While his godfather who would give him the greatest political blow in his life was smiling at his amateurish foe, Obaseki in his childish innocence or ignorance rushed to the Screening Committee with his controversial certificates. He was woefully disqualified. Obaseki laid landmines for himself. He was blown off irredeemably with his wings of self-delusion. His predicaments could have been salvaged if he had not fallen off with, not only his godfather, but other critical stakeholders of his political party, the All Progressives Congress, the APC.Ordinarily, there could have been two options fashioned out for Obaseki, by his political party if all was well with him and his godfather from time immemorial. These were: first, the All Progressives Congress, his political party could have asked him to keep his controversial certificates and presented only his Ordinary Level Certificate which would constitutionally qualify him as a gubernatorial candidate, scaling the primaries effortlessly.
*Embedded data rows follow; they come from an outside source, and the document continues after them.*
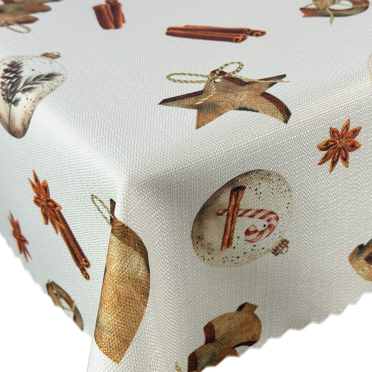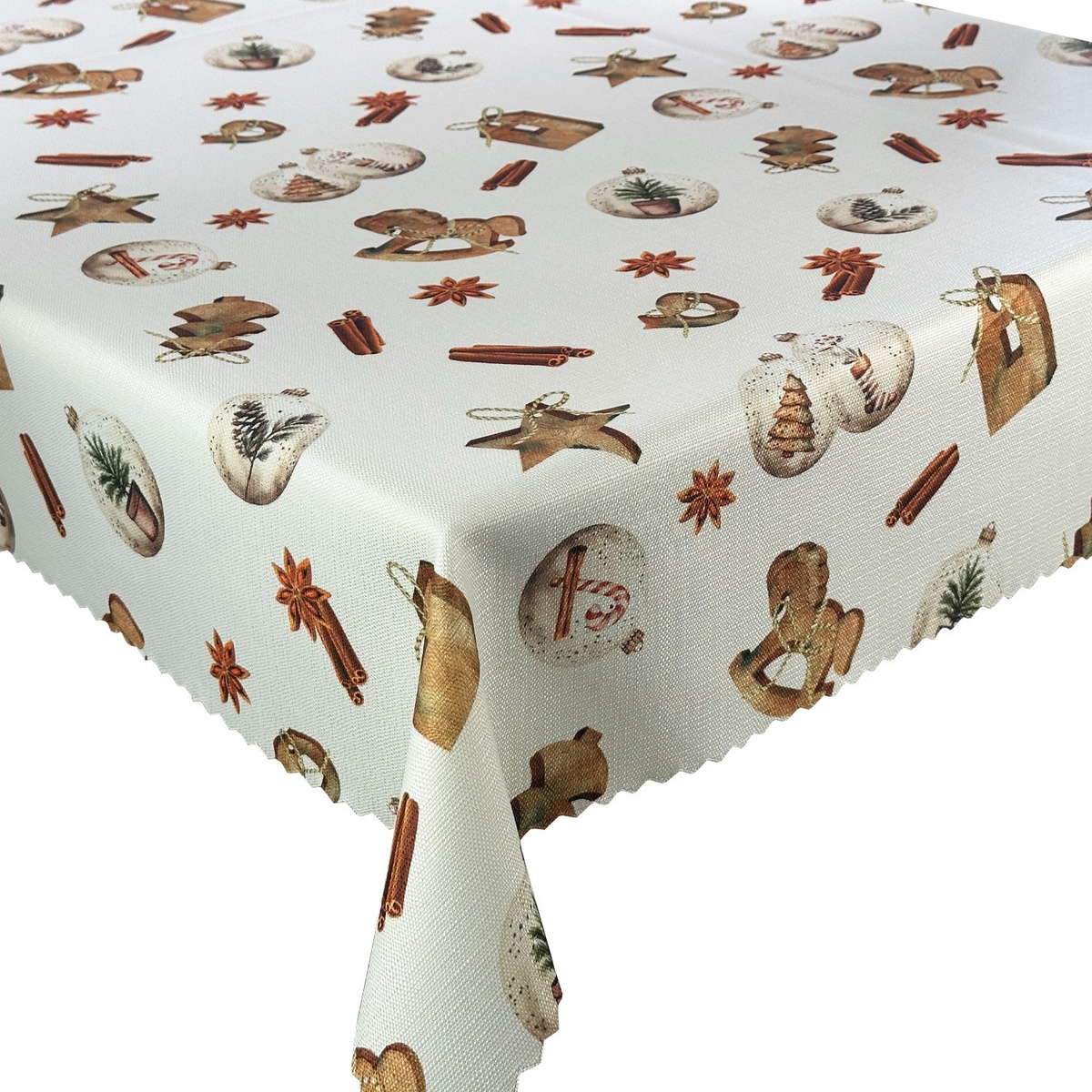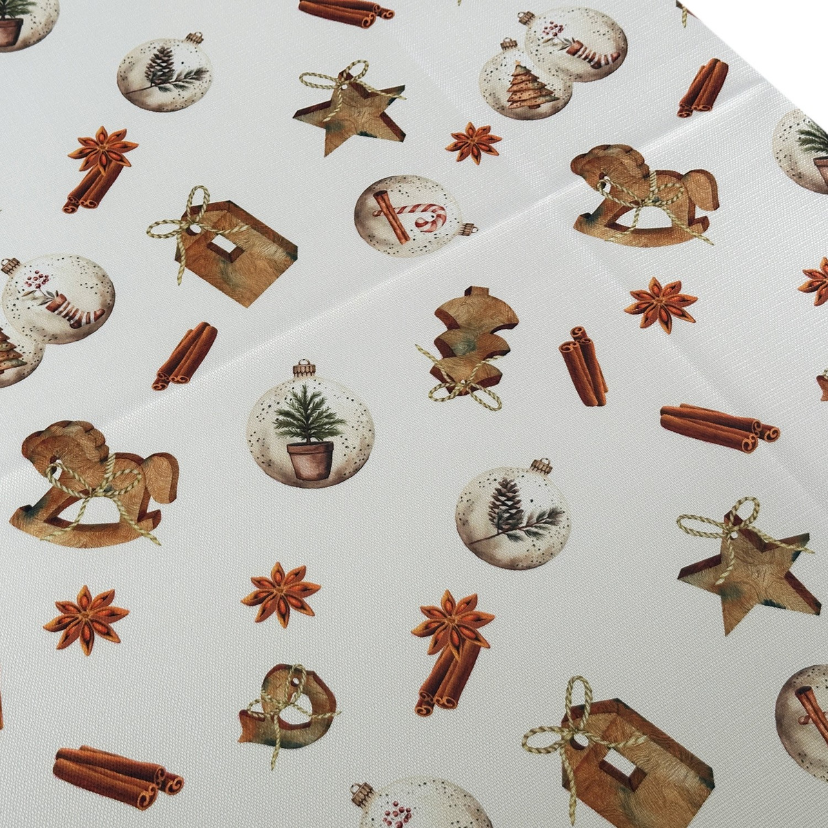 - Obrus plamoodporny, dwustronny. 100% poliester, polska tkanina i produkcja. Temperatura prania 30°C, prasowania 250°C. Gramatura 180 gsm. Oeko-Tex Standard 100.
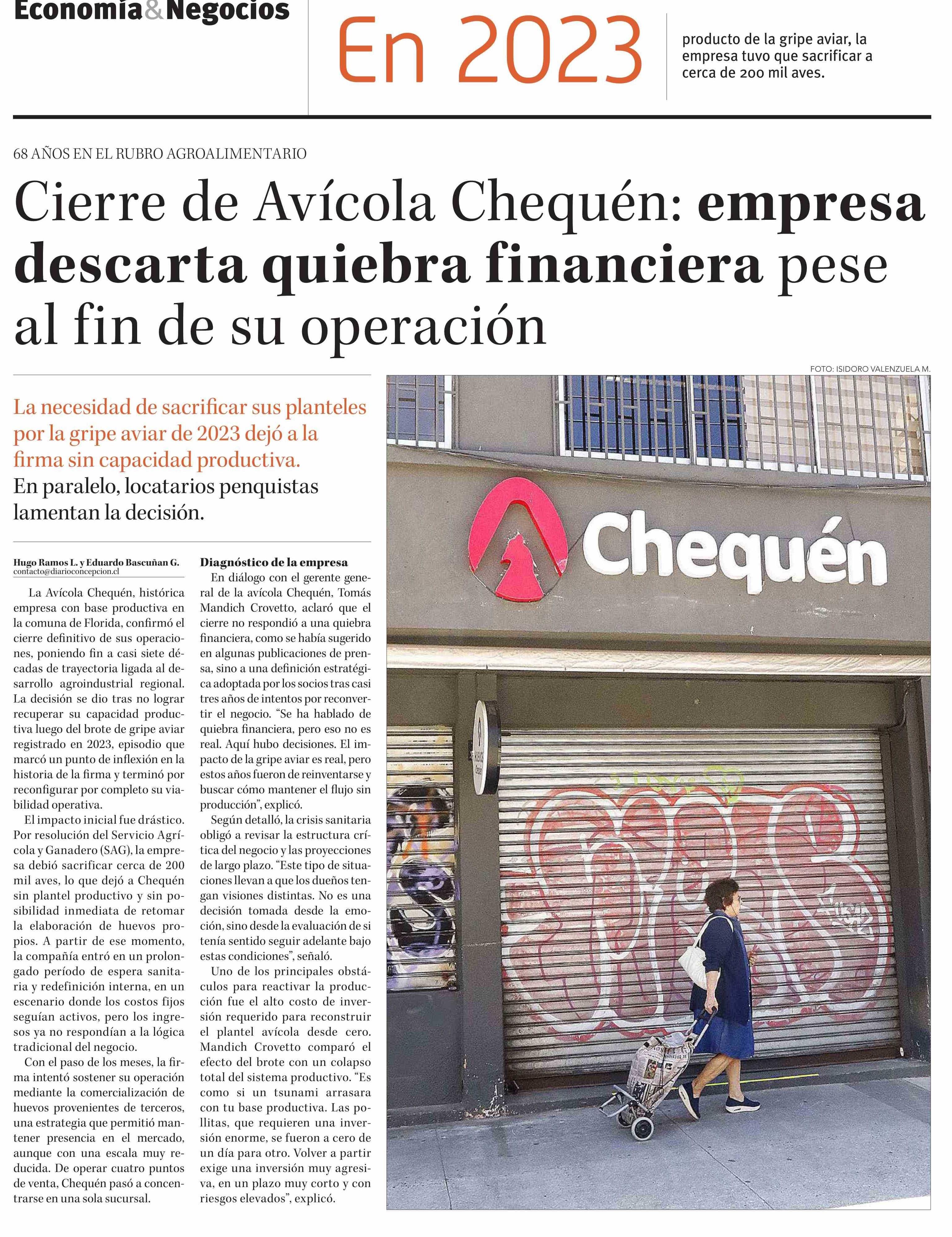 Cierre de Avícola Chequén: empresa descarta quiebra financiera pese al fin de su operación 06-02-2026 Diario Concepción |
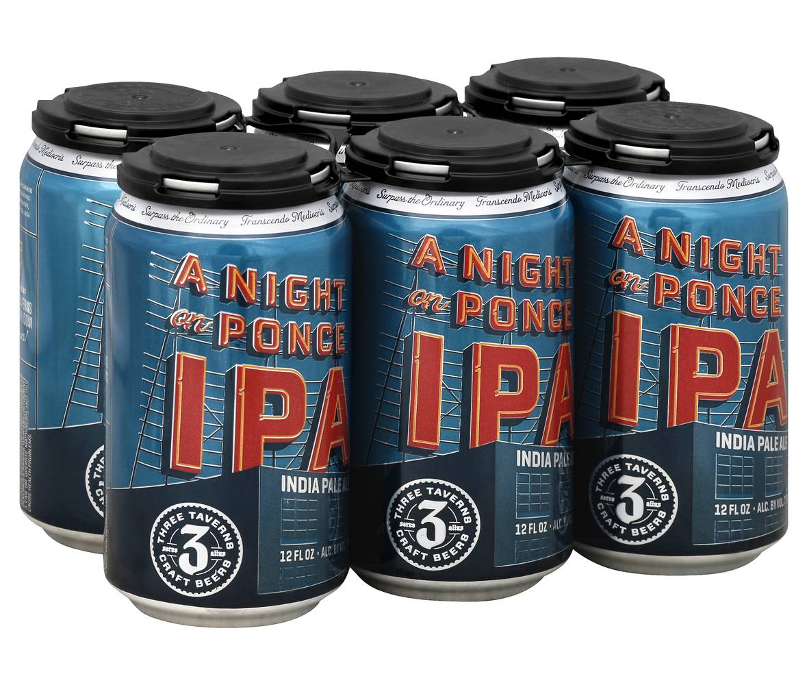 Three Taverns Night on Ponce Ipa Beer (6 x 12 fl oz)
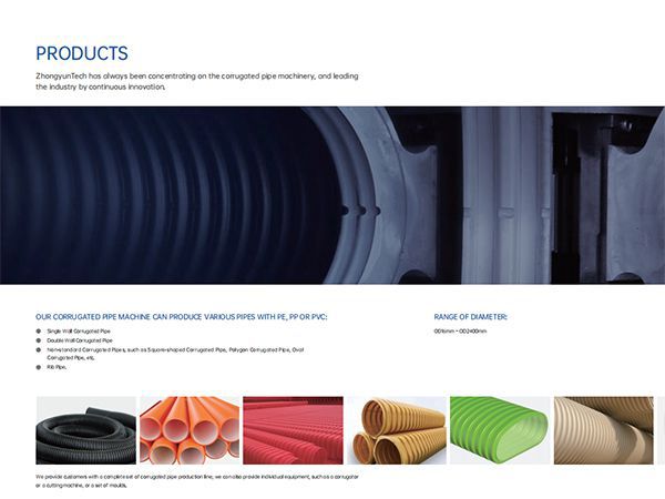 ZhongyunTech es un fabricante mundial de maquinaria para tubos corrugados. Ofrecemos una alta gama de productos tales como máquinas para fabricar tubos corrugados, moldes, equipos posteriores y líneas completas de extrusión, lo que nos permite atender a clientes en diversas industrias, la de tuberías de drenaje, ventilación, construcción, electricidad y electrónica. Contamos con una larga trayectoria en el sector de los tubos corrugados; enfocándonos principalmente en el desarrollo de la tecnología dentro de la industria. ZhongyunTech se beneficia de esta gran experiencia, un profundo conocimiento de las características técnicas de la fabricación de tubos corrugados y tecnología avanzada. El éxito que hemos logrado a lo largo de los años se basa en nuestro firme compromiso con fabricar y suministrar las mejores máquinas para fabricar tubos corrugados de la más alta calidad. Para ZhongyunTech sería un honor tener la oportunidad de ganarnos su confianza y ofrecerle equipos y servicios profesionales.
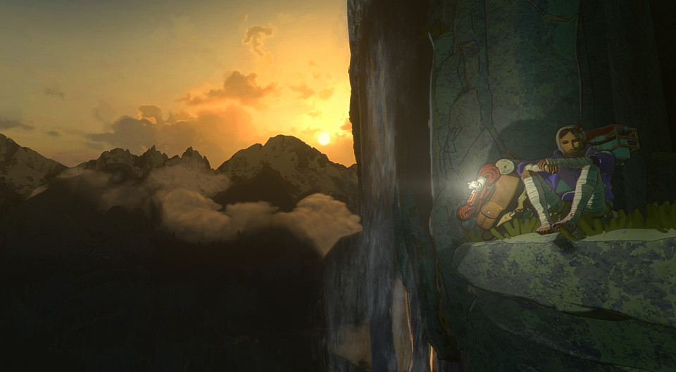 Après avoir joué quelques heures à Cairn et gravi un certains nombre de falaises escarpées, tout en trouvant sur notre chemin des zones d'exploration (parfois bien cachées) offrant quelques bribes de narration environnementales (ou manuscrites via les notes et mots découverts), nous devons avouer que nous avons particulièrement apprécié nos petites victoires sur l'environnement très hostile du jeu. Dans le même temps, Cairn n'a pa toujours été tendre avec nous, et nous avons régulièrement laissé échapper quelques jurons et autres joyeusetés verbales. Certaines voies indiquées comme plutôt faciles nous ont parfois semblé un peu mensongères, la faute à un manque de prises et à des surfaces trop lisses pour progresser sereinement, mais puisque le jeu offre une certaine liberté pour choisir son chemin, on peut progresser en choisissant de se mettre au défi ou non. Tout n'est pas toujours simple cependant, et on vous conseille de ne pas hésiter à utiliser vos pitons régulièrement (et à réussir le QTE par la même occasion), mais de ce que nous avons pu en voir, le voyage semble en valoir la peine. La mécanique de déplacement en escalade est plutôt bien vue, même si l'on échappe pas à quelques contorsions étranges du personnage principal, mais la navigation à pied est parfois un peu maladroite à cause du terrain accidenté sur lequel on évolue. Rien de véritablement gênant au bout du compte, d'autant que l'essentiel des déplacements se passent à flanc de montagne. En revanche, précisons tout de même qu'Aava marche très lentement, et s'il est possible de la faire avancer un peu plus vite en maintenant une touche de la manette, on vous le déconseille fortement puisque cette action fait diminuer sa barre de vie (et on ne comprend absolument pas pourquoi).
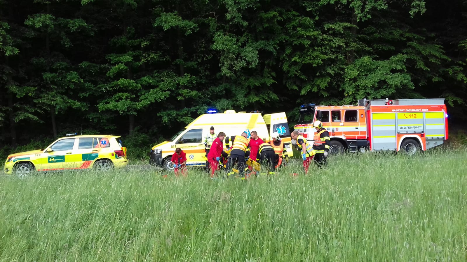 Na silnici mezi obcemi Jerlochovice a Vlkovice došlo okolo sedmnácté hodiny ke střetu motocyklisty s automobilem. Šestapadesátiletý motocyklista utrpěl vážná poranění horní a dolní končetiny. Kromě něj došlo ke zranění dvou cestujících v osobním vozidle – u šestašedesátileté ženy a čtrnáctiletého chlapce zjistili záchranáři lehká poranění. Motocyklistu do nemocnice v Ostravě přepravil vrtulník, další dva zraněné pak sanitní vozidlo do novojičínské nemocnice.
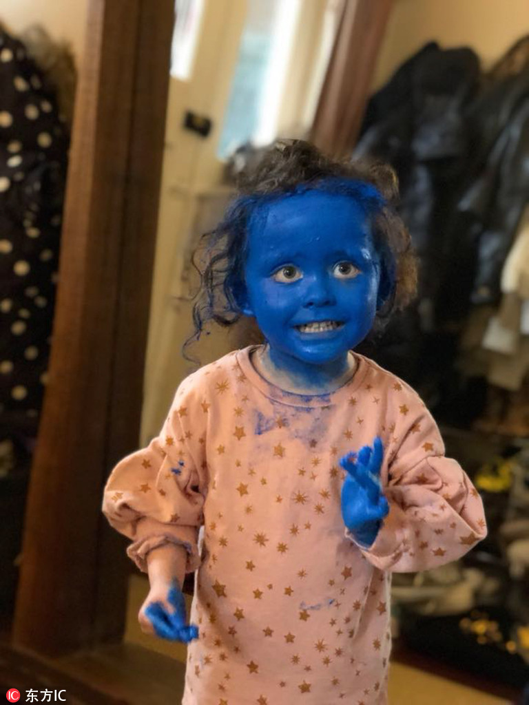 2018年4月17日報道,國外3歲的小女孩Eve把自己涂抹成了“藍精靈”!(圖片來源:東方IC)
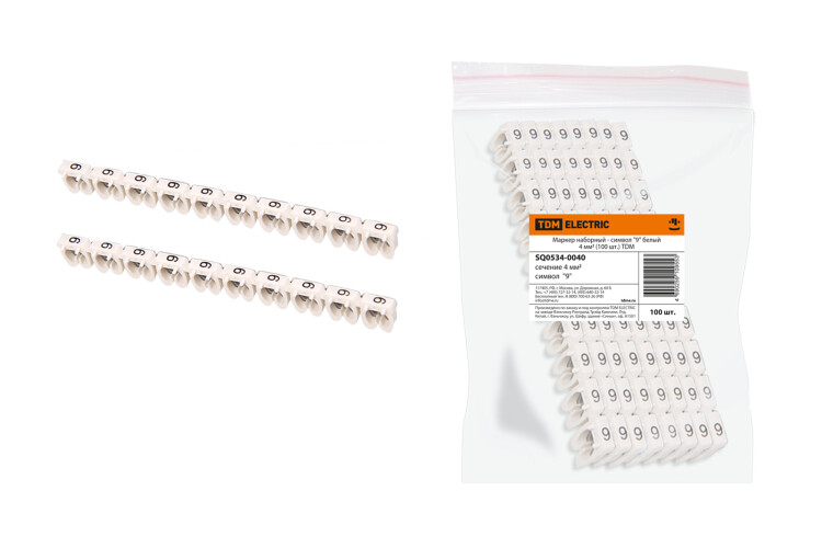 Применение:В электрощитах.На объектах электроснабжения.В промышленных установках. Материалы:Изготовлены из негорючего полиамида (PA66), устойчивого к температурным воздействиям и действию агрессивных сред (масла, смазочные материалы и т. д.).Преимущества:Боковые штифты позволяют создать ровные группы маркеров на кабеле.Открытый профиль маркера позволяет производить установку на уже подключенные провода.Быстрое и надежное крепление маркеров на кабеле. Международная система цветовой кодировки маркеров. Назначение:Для разметки кабеля в распределительных щитах, местах подключения и т. д. Упаковка:Маркер наборный - символ (100 шт.) по 10 шт.Маркеры наборные комплект цифр (100 шт.) по 10 шт.

This they knew quite well, but Obaseki had to pay for his atrocities. He fought the gods and the godfather.

On the other hand, if the APC as party would want to avoid the embarrassment they were treated to in the Bayelsa State elections where the Supreme Court nullified the results of the party’s candidate twenty-four hours to the inauguration, Obaseki would have been made to reach a gentleman deal with his party –  to step down for a more qualified candidate,  and then rewarded with a juicy political appointment afterward, either at the State or national level. But that cannot be in the present circumstance! He fought with the gods. He must pay for it.The challenges of godfatherism in Nigerian politics are enormous. It cages the beneficiary, brings underdevelopment to the affected constituency and to the country at large. It encourages corruption and ineptitude in governance.

While godfatherism cannot easily be expunged from Nigerian politics, it behooves the beneficiary to be highly diplomatic; an astute player of politics, and a “balancer” between his benefactor, the government, and the electorates. It takes a man who is humble or seen to be humble by his “employer”, to avoid playing into the hands of these taskmasters. Whoever benefits from godfatherism should learn to touch the two ends of the pendulum; if not simultaneously, then at least very close to it.